DCI Alan Banks is tired of life in the Yorkshire constabulary, and is ready to move on. However, something strange happens when his boss asks him to quietly find out what has become of his runaway daughter. It seems that young Emily has started out on a life of adventure, partying and living with a big-time villain. And then, when people start turning up dead, it looks as though Banks has chanced upon a major criminal enterprise. Banks must get to the bottom of this strange and murky case, and what he finds along the way is filled with unpleasant surprises. This is the eleventh of Peter Robinson's Alan Banks mysteries, and does a good job of upholding the quality of the series. I love mysteries of all sorts, and I must say that I loved this book. I found the storyline to be quite interesting, and I liked the characters. Some authors spend too much time on character development, spending page after page focusing on the detective's home life and family and so forth, but I thought that Mr. Robinson did a great job of balancing everything out. So, let me just say that I really liked this book, finding it to be an interesting mystery with lots of twists. I highly recommend it.
Banks Number 11: Splendid
Published by Thriftbooks.com User , 19 years ago
The last couple of Banks novels saw him in increasing difficulty with his disastrous relationship with his hostile chief constable Jeremiah Riddle. Something was going to have to give and here it does, if in a rather unexpected way. Riddle hates Banks, it's pretty clear, but grudgingly has to admit he's an awfully good detective. SO when he comes across a picture of his runaway teenage daughter Emily on a pornographic website, it is Banks he turns to, pleading with him to go check up on her. Off goes Banks to London, where he meets the promo website manager, the ex-flatmate, the ex-boyfriend and the extremely unpleasant gangster Barry Clough who has lately taken over the boyfriend role. Eventually Emily opts to let Banks take her home but her problems, alas, are not over. Meanwhile Banks has other things to think off with Annie, his lover from `In a Dry Season' reassigned to his own team at Eastvale and the execution style murder of a local crook. This is another thoroughly enjoyable, dark and engaging procedural from Robinson.
A Page Turner
Published by Thriftbooks.com User , 20 years ago
Cold is the GravePeter Robinson2000 Viking 454 pages ISBN 0-670-83901-3A teenager from the Yorkshire Dales runs away to London and falls into bad company - not much new in that. But when Peter Robinson uses it as an introduction to one of his chilling mysteries you have a plot has surprising but logical twists and turns and the tale becomes more intriguing by the page.The writer manages to create strong, realistic characters that stay in your mind long after you've finished the book. When you pick up another book in the series you meet them again like old friends. The characters carry the plot, complex as it is, and all the sub-plots as the reader is shown the truth behind the veneer of the successful Chief Constable and his lovely family.This was a book I hated to put down. It is well-paced and carefully structured and both male and female characters are so true that you'd swear you met them just last week. It's rare that a male writer can make female characters seem true to life, especially in their internal monologues (and vice versa - female writers often don't present the male interior monologue well) but this writer is spot on.This book is a real treat from an accomplished mystery writer. Long may the series last.

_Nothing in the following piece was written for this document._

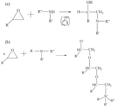 Os compostos de amina estão entre os agentes de cura epoxídicos mais antigos e usados. As aminas primárias (R-NH2) e secundárias (R-NH-R') sofrem as reações SN2 (Figura 2a) e são altamente reativas com epóxis. Dependendo dos substituintes, estas aminas podem ser divididas em três grupos principais: aminas alifáticas, cicloalifáticas e aromáticas. Entre estes grupos, as aminas aromáticas produzem resinas curadas com altas propriedades de resistência química e térmica. Entretanto, exigem longos ciclos de cura em alta temperatura (~ 150 ºC).8,9 Dessa forma, aplicações práticas demandam mais tempo e, consequentemente, são mais custosas.
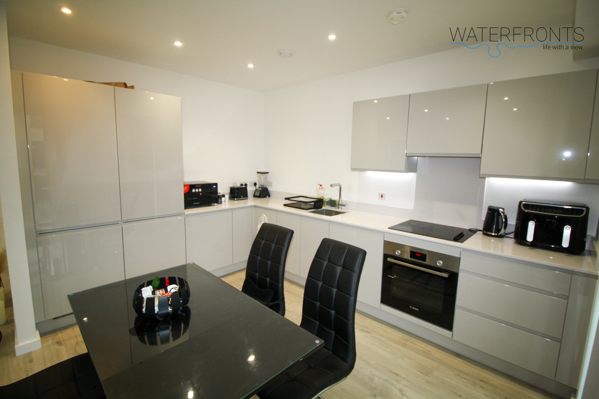 Situated on a higher floor within a secure, modern development, this bright and airy apartment features an open-plan living and dining area, a sleek fully-fitted kitchen with integrated appliances, two generous double bedrooms (including a master with ensuite), and a stylish family bathroom. Floor-to-ceiling windows flood the space with natural light, while a private balcony provides excellent views of the surrounding skyline.

Robinson Has Another Winner!
Published by Thriftbooks.com User , 24 years ago
In this eleventh outing for Inspector Banks, he is asked by his Chief Constable and nemesis to go to London to find the Chief Constable's daughter who ran away from home several months earlier. Locating the daughter is not that difficult, even taking her back to Eastvale is easy. But once she's home a series of events, including several murders, has Banks trying to determine who did what to whom and why. The main suspect is a man who seemingly gets away with any crime to which he puts his mind. Banks is a fortysomething divorced man who is coming to terms with his private life and trying to get his professional life back on track as well, but whose choices that are not the best to succeed at either. Robinson reintroduces Detective Sergeant Annie Cabbot, newly transferred to Banks' neck of the woods. As she and Banks unravel the story behind the murders, it is painstaking police work with no leaps of faith or suppressed major clues that appear later in the book and sprung upon an unsuspecting reader. As the clues are discovered,the reader is privy to them. This is police procedural at its best and a great read that you will be loathe to put down. Even if you don't like British procedurals, you should give this series a try. Reading it from the beginning is best since you'll be able to see Banks grow and change from the first in the series to this one.